Tossed aside by the court decision were laws limiting corporations or unions from being broadcast or transmitted 30 days before a presidential primary and 60 days before the general election. Fortunately, left intact, at least for now, are bans that date back to 1907. Some important limits do remain intact: Corporations still cannot give money directly to federal candidates or national party committees. Also upheld were some other restrictions, including disclosure requirements for nonprofit groups that advocate for political candidates.
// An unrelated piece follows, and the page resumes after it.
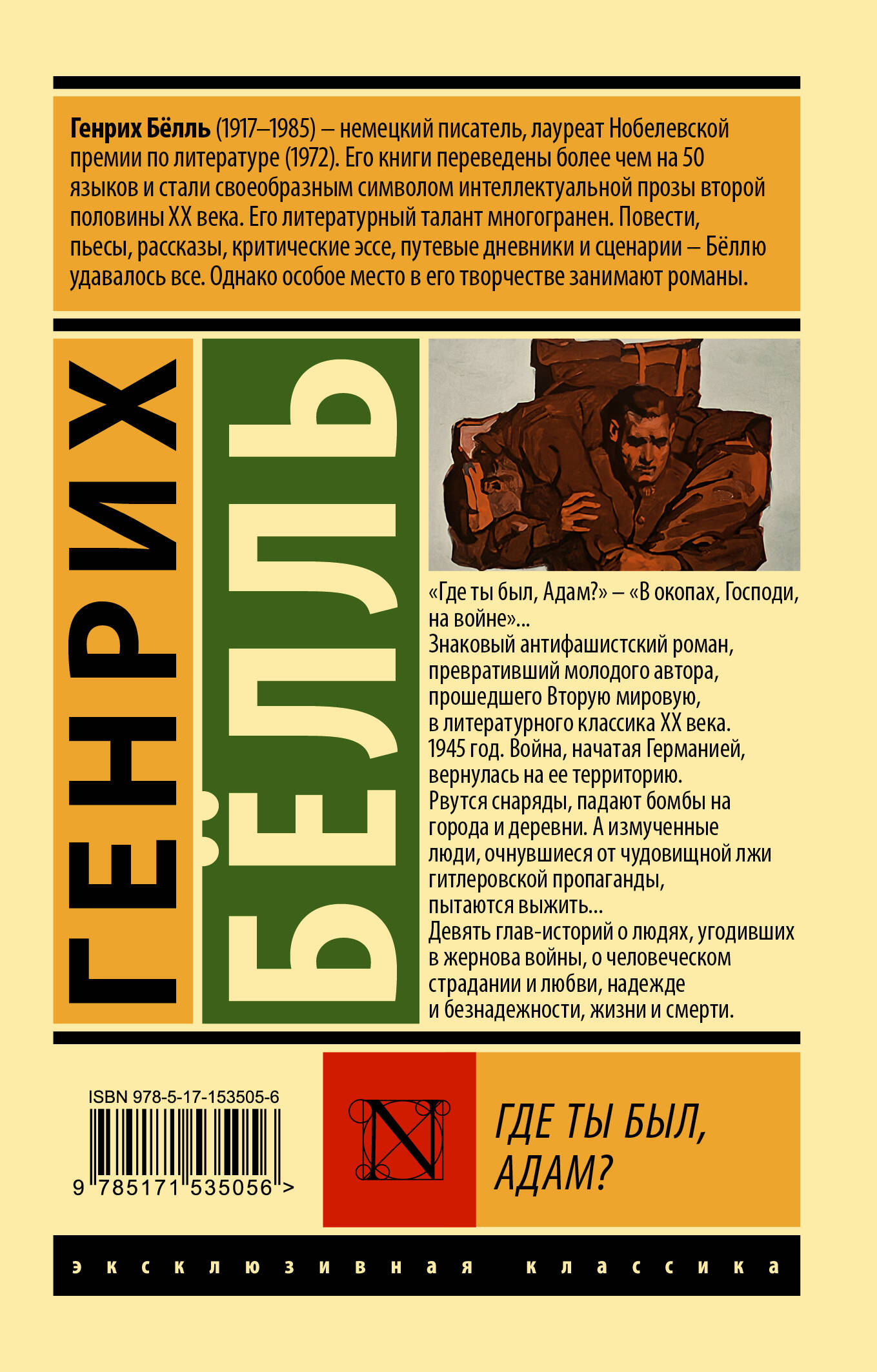 Генрих Бёлль прошёл Вторую мировую войну, и этот жестокий и беспощадный опыт нашёл отражение в его творчестве. Антивоенный роман «Где ты был, Адам?» принёс своему создателю мировую славу, впоследствии Бёлль стал одним из самых известных классиков XX века. Для поклонников мемуаров Себастьяна Хафнера «История одного немца», бессмертного романа Эриха Марии Ремарка «На западном фронте без перемен» и фильма «Кролик Джоджо».

Now, to combat what the Supreme Court has undone, efforts must be made in D.C. to establish a system similar to Maine’s Clean Election Act (MCEA).

Passed by referendum and in effect since 2000, candidates demonstrate citizen support by collecting a set number of $5 qualifying contributions from voters within their districts. They are then eligible for campaign funding from the Clean Election Fund. Candidates must agree to forgo all private contributions (including self-financing), and limit their spending to the amount from the fund.

These candidates are also given an additional one-for-one match if they are outspent by noncomplying opponents or are the target of independent expenditures (such as ads produced by a group not associated with the opposing candidate).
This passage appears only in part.